Let us now trace the flow of data through the interconnected networks. We assume a packet of data from process X enters network A destined for process Y in network C. The address of Y is initially specified by process X and the address of GATEWAY M is derived from the address of process Y. We make no attempt to specify whether the choice of GATEWAY is made by process X, its HOST, or one of the packet switches in network A. The packet traverses network A until it reaches GATEWAY M. At the GATEWAY, the packet is reformatted to meet the requirements of network B, account is taken of this unit of flow between A and B, and the GATEWAY delivers the packet to network B. Again the derivation of the next GATEWAY address is accomplished based on the address of the destination Y. In this case, GATEWAY N is the next one. The packet traverses network B until it finally reaches GATEWAY N where it is formatted to meet the requirements of network C. Account is again taken of this unit of flow between networks B and C. Upon entering network C, the packet is routed to the HOST in which process Y resides and there it is delivered to its ultimate destination.
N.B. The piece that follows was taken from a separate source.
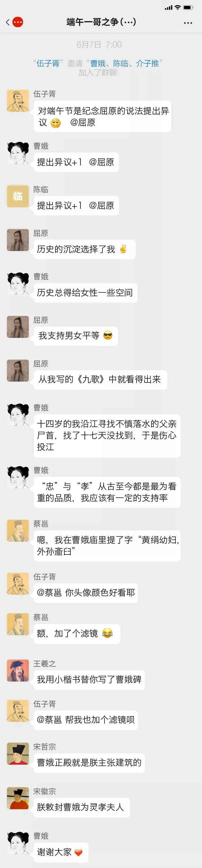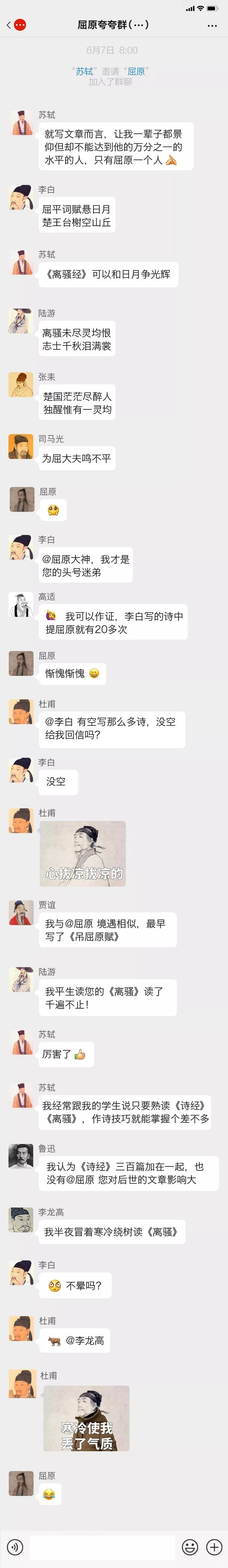 那么问题来了,假如把这些跟端午有关的古人放在一个微信群里,他们会不会为了争“端午一哥”吵起来?

Since the GATEWAY must understand the address of the source and destination HOSTS, this information must be available in a standard format in every packet which arrives at the GATEWAY. This information is contained in an internetwork header prefixed to the packet by the source HOST. The packet format, including the internetwork header, is illustrated in Figure 38.3. The source and destination entries uniformly and uniquely identify the address of every HOST in the composite network. Addressing is a subject of considerable complexity which is discussed in greater detail in the next section. The next two entries in the header provide a sequence number and a byte count that may be used to properly sequence the packets upon delivery to the destination and may also enable the GATEWAYS to detect fault conditions affecting the packet. The flag field is used to convey specific control information and is discussed in the section on retransmission and duplicate detection later. The remainder of the packet consists of text for delivery to the destination and a trailing check sum used for end-to-end software verification. The GATEWAY does not modify the text and merely forwards the check sum along without computing or recomputing it.

Figure 38.3: Internetwork packet format (fields not shown to scale)
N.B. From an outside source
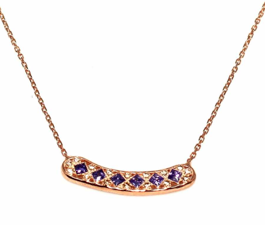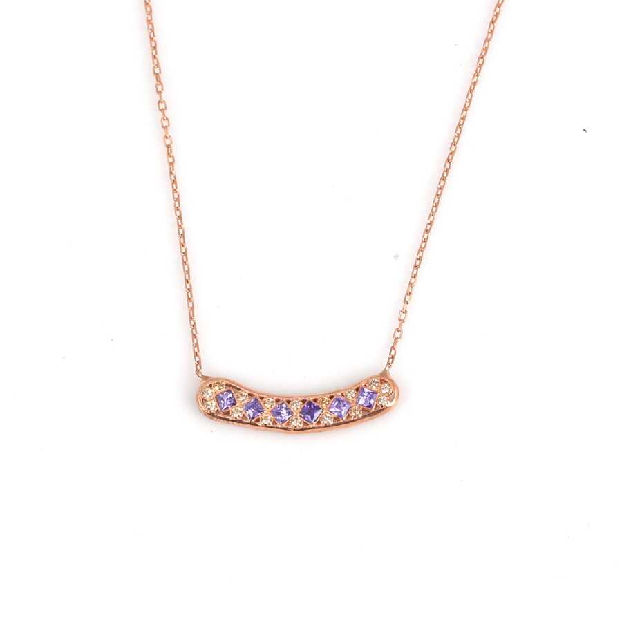 Gümüş kolye 925 ayar gümüşten yapılmıştır. Gümüş kolye 2,4 cm'ye 0,4 cm boyutlarındadır. Zinciri 42 cm uzunluğundadır. Kolye mor ve sarı zirkon taşlıdır. Ağırlığı 2,35 gramdır.

Each network may need to augment the packet format before it can pass through the individual network. We have indicated a local header in the figure which is prefixed to the beginning of the packet. This local header is introduced merely to illustrate the concept of embedding an internetwork packet in the format of the individual network through which the packet must pass. It will obviously vary in its exact form from network to network and may even be unnecessary in some cases. Although not explicitly indicated in the figure, it is also possible that a local trailer may be appended to the end of the packet. Unless all transmitted packets are legislatively restricted to be small enough to be accepted by every individual network, the GATEWAY may be forced to split a packet into two or more smaller packets. This action is called fragmentation and must be done in such a way that the destination is able to piece together the fragmented packet. It is clear that the internetwork header format imposes a minimum packet size which all networks must carry (obviously all networks will want to carry packets larger than this minimum). We believe the long range growth and development of internetwork communication would be seriously inhibited by specifying how much larger than the minimum a packet size can be, for the following reasons.

1. If a maximum permitted packet size is specified then it becomes impossible to completely isolate the internal packet size parameters of one network from the internal packet size parameters of all other networks.
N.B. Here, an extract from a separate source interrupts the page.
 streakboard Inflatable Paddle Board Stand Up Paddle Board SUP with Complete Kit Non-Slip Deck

2. It would be very difficult to increase the maximum permitted packet size in response to new technology (e.g. large memory systems, higher data rate communication facilities, etc.) since this would require the agreement and then implementation by all participating networks.

3. Associative addressing and packet encryption may require the size of a particular packet to expand during transit for incorporation of new information.

Provision for fragmentation (regardless of where it is performed) permits packet size variations to be handled on an individual network basis without global administration and also permits HOSTS and processes to be insulated from changes in the packet sizes permitted in any networks through which their data must pass.

If fragmentation must be done, it appears best to do it upon entering the next network at the GATEWAY since only this GATEWAY (and not the other networks) must be aware of the internal packet size parameters which made the fragmentation necessary.

If a GATEWAY fragments an incoming packet into two or more packets, they must eventually be passed along to the destination HOST as fragments or reassembled for the HOST. It is conceivable that one might desire the GATEWAY to perform the reassembly to simplify the task of the destination HOST (or process) and/or to take advantage of the larger packet size. We take the position that GATEWAYS should not perform this function since GATEWAY reassembly can lead to serious buffering problems, potential deadlocks, the necessity for all fragments of a packet to pass through the same GATEWAY, and increased delay in transmission. Furthermore, it is not sufficient for the GATEWAY to provide this function since the final GATEWAY may also have to fragment a packet for transmission. Thus the destination HOST must be prepared to do this task.

Let us now turn briefly to the somewhat unusual accounting effect which arises when a packet may be fragmented by one or more GATEWAY. We assume, for simplicity, that each network initially charges a fixed rate per packet transmitted, regardless of distance, and if one network can handle a larger packet size than another, it charges a proportionally larger price per packet. We also assume that a subsequent increase in any network’s packet size does not result in additional cost per packet to its users. The charge to a user thus remains basically constant through any net which must fragment a packet. The unusual effect occurs when a packet is fragmented into smaller packets which must individually pass through a subsequent network with a larger packet size than the original unfragmented packet. We expect that most networks will naturally select packet sizes close to one another, but in any case, an increase in packet size in one net, even when it causes fragmentation, will not increase the cost of transmission and may actually decrease it. In the event that any other packet charging policies (than the one we suggest) are adopted, differences in cost can be used as an economic lever toward optimization of individual network performance.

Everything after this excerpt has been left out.